* _Try it_: Transcribe the listing in full, excluding any pictures.

* _Collected data_:
________
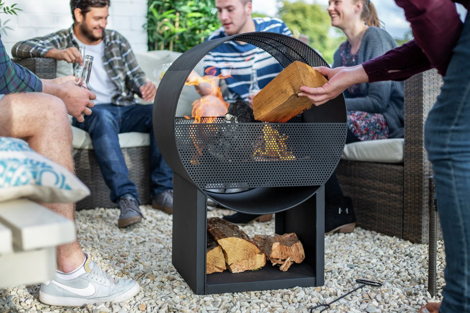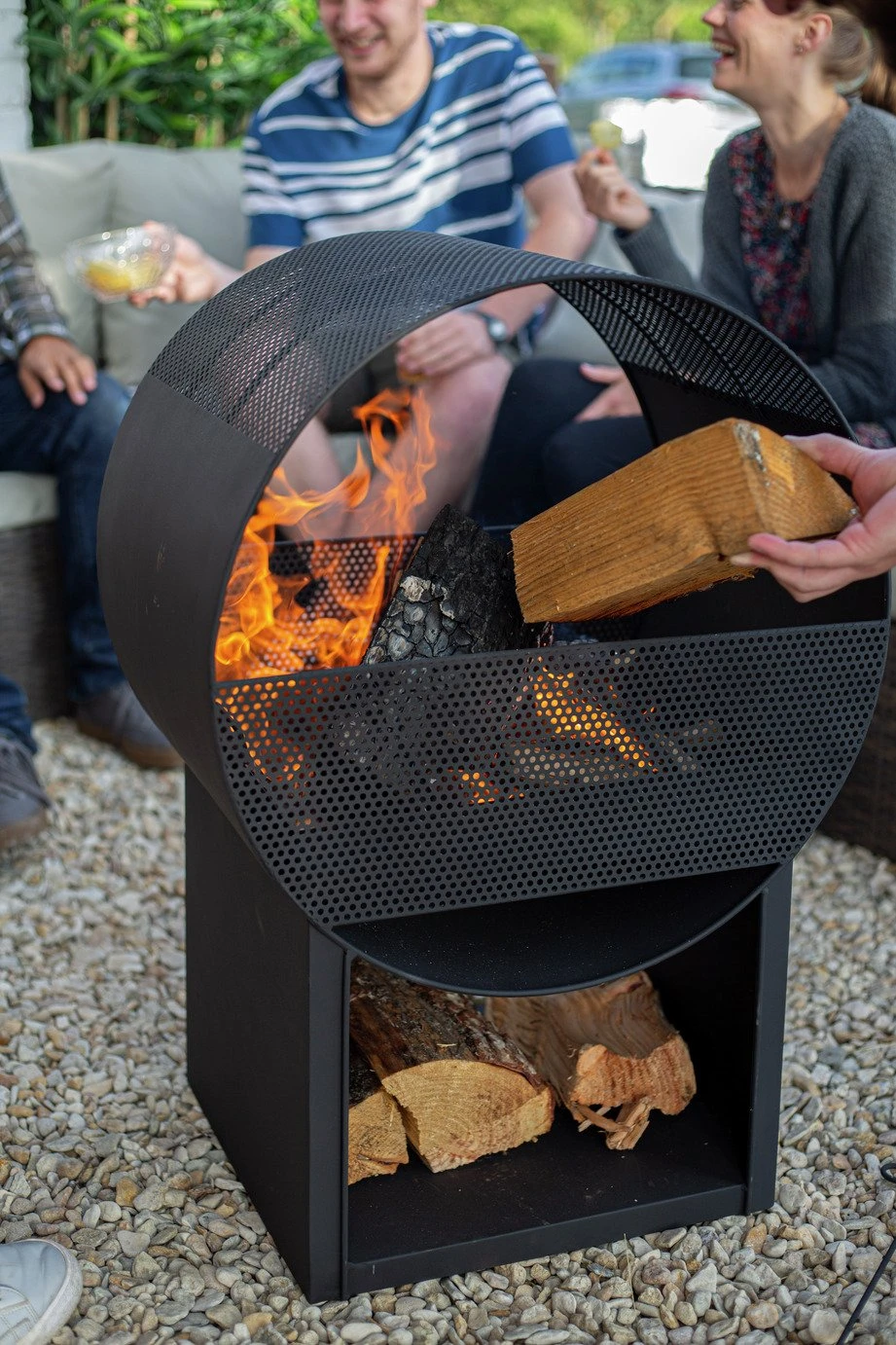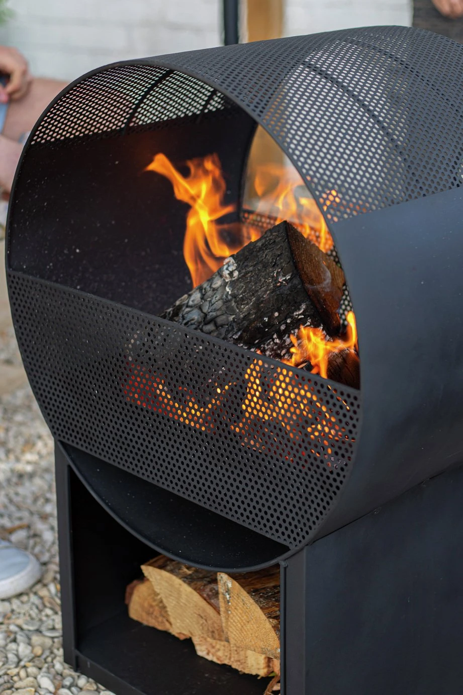 Durable steel construction High temperature black paint finish Contemporary perforated designs Double sided fireplace Includes log store.
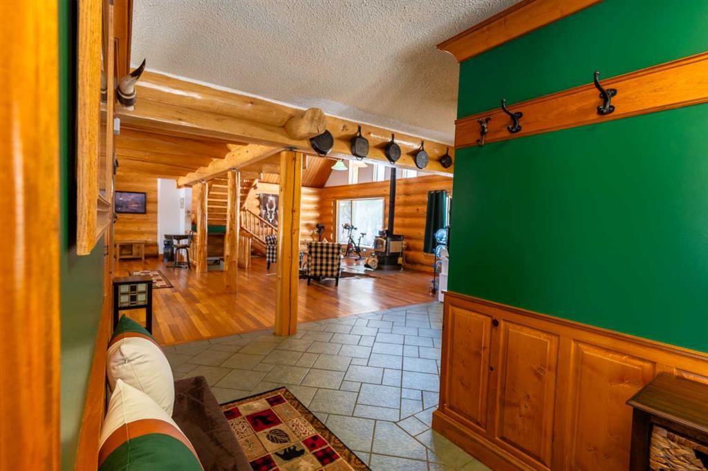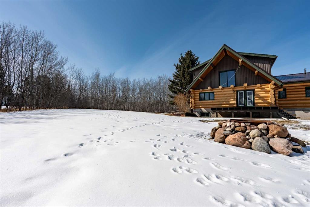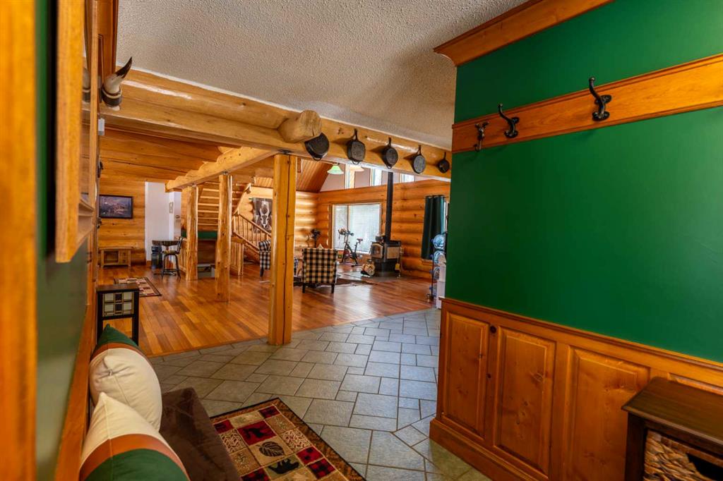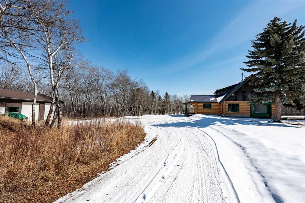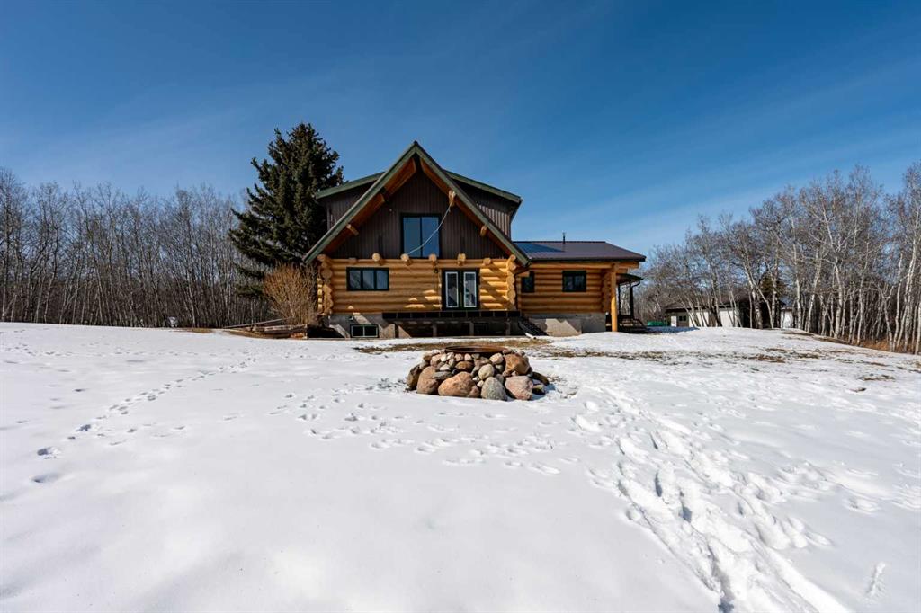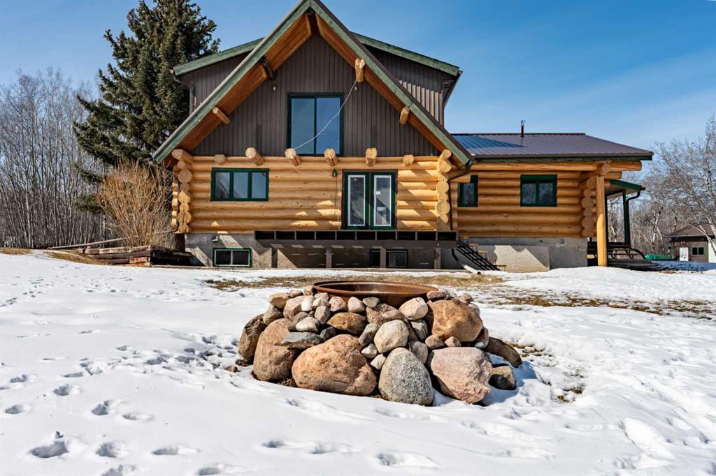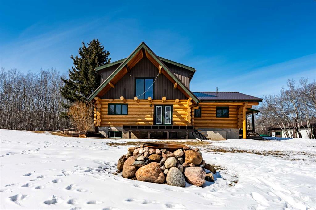 Welcome to Ascot Estates—where refined country living meets timeless rustic charm on 3.39 beautifully maintained acres. This extensively refinished log home offers a warm, inviting atmosphere with a thoughtful, executive-style layout designed for both comfort and entertaining. The main living spaces showcase the natural beauty of the wood construction, creating a true cabin feel without compromising on quality or function. With a spacious primary suite occupying the upper level and an additional bedroom space in the fully developed basement, this home is perfectly suited for those seeking privacy, simplicity, and elevated living. Significant upgrades have already been completed, including refreshed exterior logs, updated bathrooms throughout, new decking for outdoor enjoyment, and a fully improved workshop featuring new insulation and drywall on all four walls. A new water softener installed in spring 2025 adds to the home’s efficiency and comfort. The property is well-equipped for acreage living, and all major appliances are included—featuring a washer and dryer (2023), refrigerator (2024), along with dishwasher, cooktop, and oven. For buyers seeking a turnkey opportunity, additional the following items are included at the present listing price. These include a riding lawnmower, gas lawnmower, Stihl weed eater and leaf blower (all new in 2024), along with select furnishings such as a hutch and buffet, plus a coordinated set that includes a kitchen table and chairs, coffee and end tables, TV, and TV console (new in 2023).A rare opportunity to own a beautifully updated log home in one of the area’s most sought-after acreage communities—offering space, privacy, and a lifestyle that’s hard to match.
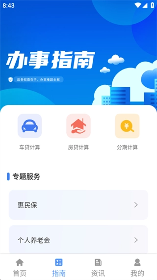 3、提供办事指南,能够进行车贷计算、房贷计算,还有专题服务;
________
* _Output of the task_:
 Durable steel construction High temperature black paint finish Contemporary perforated designs Double sided fireplace Includes log store.
 Welcome to Ascot Estates—where refined country living meets timeless rustic charm on 3.39 beautifully maintained acres. This extensively refinished log home offers a warm, inviting atmosphere with a thoughtful, executive-style layout designed for both comfort and entertaining. The main living spaces showcase the natural beauty of the wood construction, creating a true cabin feel without compromising on quality or function. With a spacious primary suite occupying the upper level and an additional bedroom space in the fully developed basement, this home is perfectly suited for those seeking privacy, simplicity, and elevated living. Significant upgrades have already been completed, including refreshed exterior logs, updated bathrooms throughout, new decking for outdoor enjoyment, and a fully improved workshop featuring new insulation and drywall on all four walls. A new water softener installed in spring 2025 adds to the home’s efficiency and comfort. The property is well-equipped for acreage living, and all major appliances are included—featuring a washer and dryer (2023), refrigerator (2024), along with dishwasher, cooktop, and oven. For buyers seeking a turnkey opportunity, additional the following items are included at the present listing price. These include a riding lawnmower, gas lawnmower, Stihl weed eater and leaf blower (all new in 2024), along with select furnishings such as a hutch and buffet, plus a coordinated set that includes a kitchen table and chairs, coffee and end tables, TV, and TV console (new in 2023).A rare opportunity to own a beautifully updated log home in one of the area’s most sought-after acreage communities—offering space, privacy, and a lifestyle that’s hard to match.
 3、提供办事指南,能够进行车贷计算、房贷计算,还有专题服务;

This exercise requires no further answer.